TASK —
Take the lines below from the one with "Природный газ США" through the one with "Video shows waves" and print only them, exactly. Don't print the pictures.

MATERIAL PROVIDED —
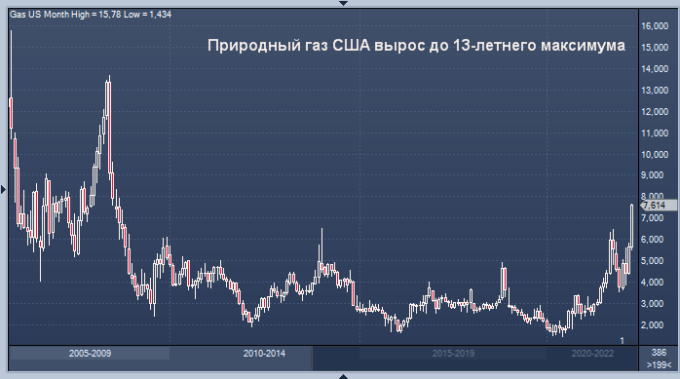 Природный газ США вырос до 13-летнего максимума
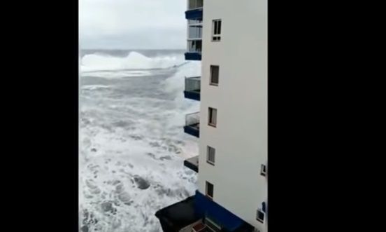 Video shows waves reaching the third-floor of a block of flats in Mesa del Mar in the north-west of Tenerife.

* * *

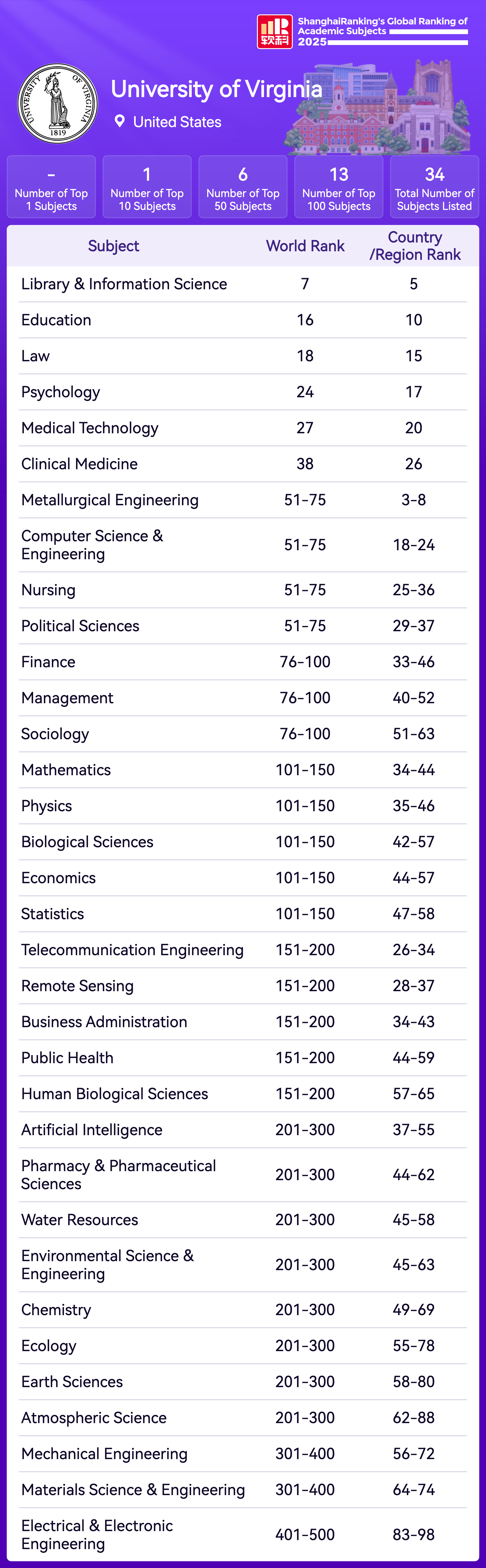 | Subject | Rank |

...

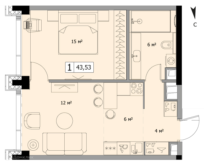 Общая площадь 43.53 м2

PROBLEM SOLUTION —
 Природный газ США вырос до 13-летнего максимума
 Video shows waves reaching the third-floor of a block of flats in Mesa del Mar in the north-west of Tenerife.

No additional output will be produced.